N2(g) + 2O2(g) → 2NO2(g) has 2O2.
N2 + O2 → 2NO deltaHr= +180 kJmol-1 does not have 2O2.
What about that?
In the calculations why should I write 2 ΔH (NO2(g)) instead of ΔH (2NO2(g))?
I did this myself after seeing what the teacher had done in class for another calculation in enthalpy.

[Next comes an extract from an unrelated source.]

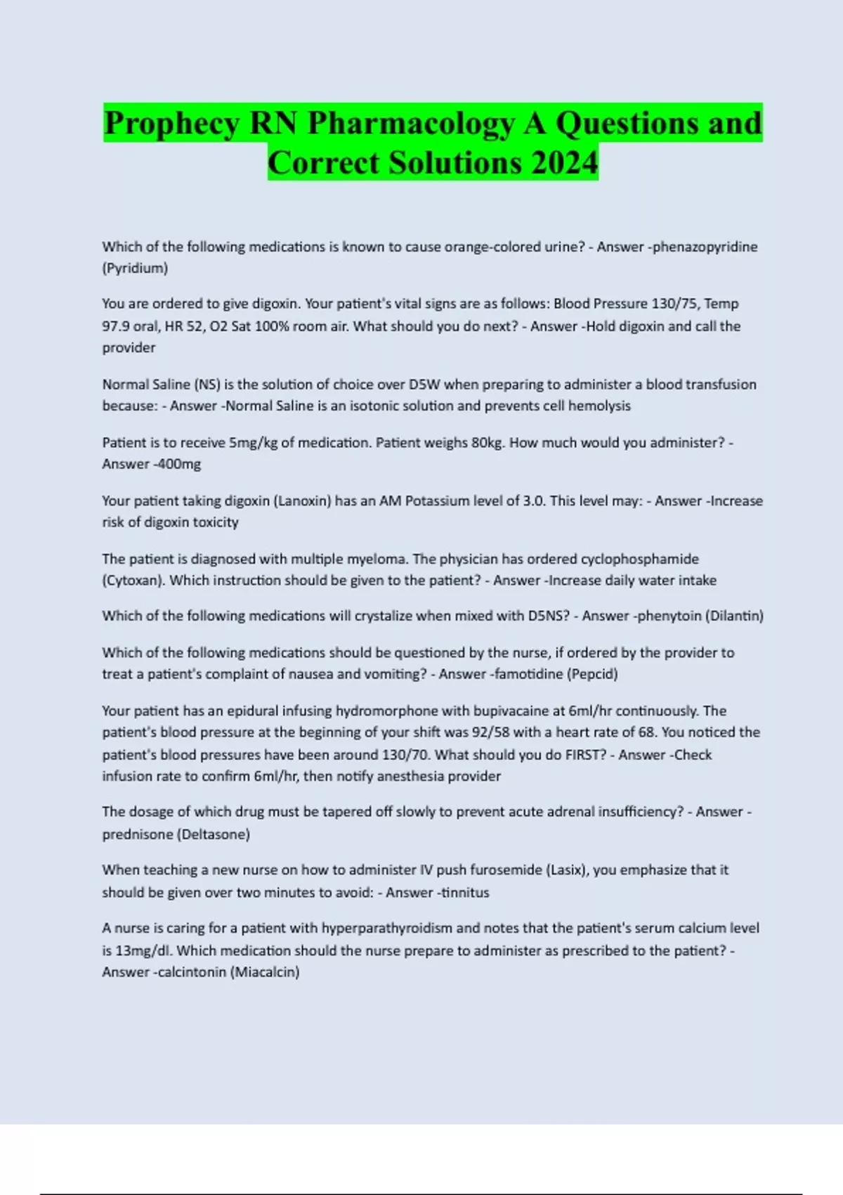 Prophecy RN Pharmacology A Questions and Correct Solutions 2024 Which of the following medications is known to cause orange-colored urine? - Answer -phenazopyridine (Pyridium) You are ordered to give digoxin. Your patient's vital signs are as follows: Blood Pressure 130/75, Temp 97.9 oral, HR 52, O2 Sat 100% room air. What should you do next? - Answer -Hold digoxin and call the provider Normal Saline (NS) is the solution of choice over D5W when preparing to administer a blood transfusion because: - Answer -Normal Saline is an isotonic solution and prevents cell hemolysis Patient is to receive 5mg/kg of medication. Patient weighs 80kg. How much would you administer? - Answer -400mg Your patient taking digoxin (Lanoxin) has an AM Potassium level of 3.0. This level may: - Answer -Increase risk of digoxin toxicity The patient is diagnosed with multiple myeloma. The physician has ordered cyclophosphamide (Cytoxan). Which instruction should be given to the patient? - Answer

68 kJ/mol is the correct answer.
You're absolute correctly; i.e., "N2 + O2 → 2NO deltaHr= +180 kJmol-1 does not have 2O2". It has 1 O2 but when you add the O2 from the other equation you now have 2O2 which is what you want. The reason you write 2NO2 is because that's what you get when you add the two equations together. I think your problem is that you aren't add them together. The 2NO from equation 1 cancels with 2NO from equation 2 when you add them together so you are left with N2 + 2O2 ==> 2NO2.
Also, why write 2 ΔH (NO2) instead of ΔH (2NO2)?
Actually I don't know but my best guess is that is 2*delta H (NO2) to show that kJ/mol for NO2 x 2 moles. However, instead of asking a third party (like me) why not ask you teacher why s/he chose to write it that way. I disagree if the teacher means that.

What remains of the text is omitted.